逆に低域処理の場合はNEVE1073が信じられないほどイカシたサウンドをメイクしてくれるので低域をいじる際のファーストチョイスになりました。
その一方で通常作業のファーストチョイスはDigiRack7BandEQプラグインだったりします(笑)結局使いやすくて狙った音が出れば何でも良いのです。
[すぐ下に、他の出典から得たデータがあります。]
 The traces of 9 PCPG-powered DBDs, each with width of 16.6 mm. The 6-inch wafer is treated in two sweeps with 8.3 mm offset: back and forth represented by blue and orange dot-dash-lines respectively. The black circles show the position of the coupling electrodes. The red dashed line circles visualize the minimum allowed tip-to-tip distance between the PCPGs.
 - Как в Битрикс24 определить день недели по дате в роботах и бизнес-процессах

コンプではTUBE TECH CL1Bや、NEVE VR1コンソールのコンプモジュールが使いやすく音もうまくまとまるので好んで使います。CL1Bは低レシオで上手に使うと音の細かい部分のバランスを変えることなく元気に音像を大きく前に出してくれるので、聴感上のボリュームを上げたいマスタリングや、マスターコンプに良く使います。
一方NEVEのコンプは、ピークの激しい音でも、塩梅良くピークを取り除いてくれるのでステムミックスなどにグループで挟んでおくとミックスが安定するので好みです。
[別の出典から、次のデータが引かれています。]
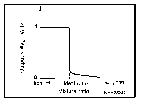 This sensor is made of ceramic zirconia. The zirconia generates voltage from approximately 1V in richer conditions to 0V in leaner conditions.
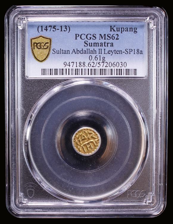 SAMUDRA-PASAI: Abdallah II, ca.1475-1513, AV kupang (0.61g), Leyten-SP18a, a pleasant mint state example, PCGS graded MS62, ex Jürgen M. Wilmes Collection.
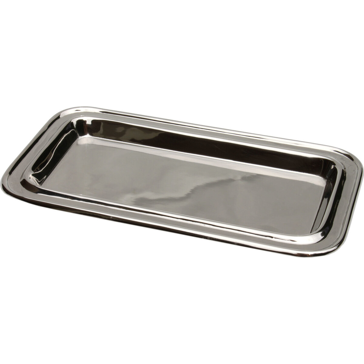 Present your appetizers, small desserts and any dish in style with this polished steel serving tray and allow your loved ones to enjoy that "catered" feel. This tray is built sturdy enough to provide ample support for heavier dishes, making it possible to serve multiple people at the same time. Line up those appetizers and small desserts in style. If you are serving your holiday feast buffet-style, these trays make it easier to serve your food in an elegant way, reflecting your keep attention to details. When not in use for serving, you can utilize these trays for decorating and storing food products and fruits in a more festive way. It sure adds a perfect touch to brighten up your kitchen and dining room.

コンプの定番、UREI1176もファーストチョイスとしては使いますが、最近の自分の使い方としては、時間の無い現場でクライアント立会い・・・という急ぎの場面で、四の五の考えずとりあえずモニターに挟んでおくとみんな安心(笑)・・・みたいな使い方に変化してきました。要はシンプルで設定も決めやすいし、挟んだ効果も容易に想像がつくので使いやすいからそういう使い方なのですが、1176の味が強すぎてどうやっても1176の泥臭い音になってしまうので、時間があるなら他の機材を使うので、以前ほど自分のファーストチョイスとしての機会は減りました。


長々書いておいて、結局のところ自分のスタンスとしては「今ある機材で最高の音を」。これに尽きるわけです。音の黎明期に先輩たちがそうしてきたように、我が耳を信じ、基本に忠実に、時に大胆に。

音は誰にでも触れるようになったけども、誰にでも微笑むものではないと僕は思っています。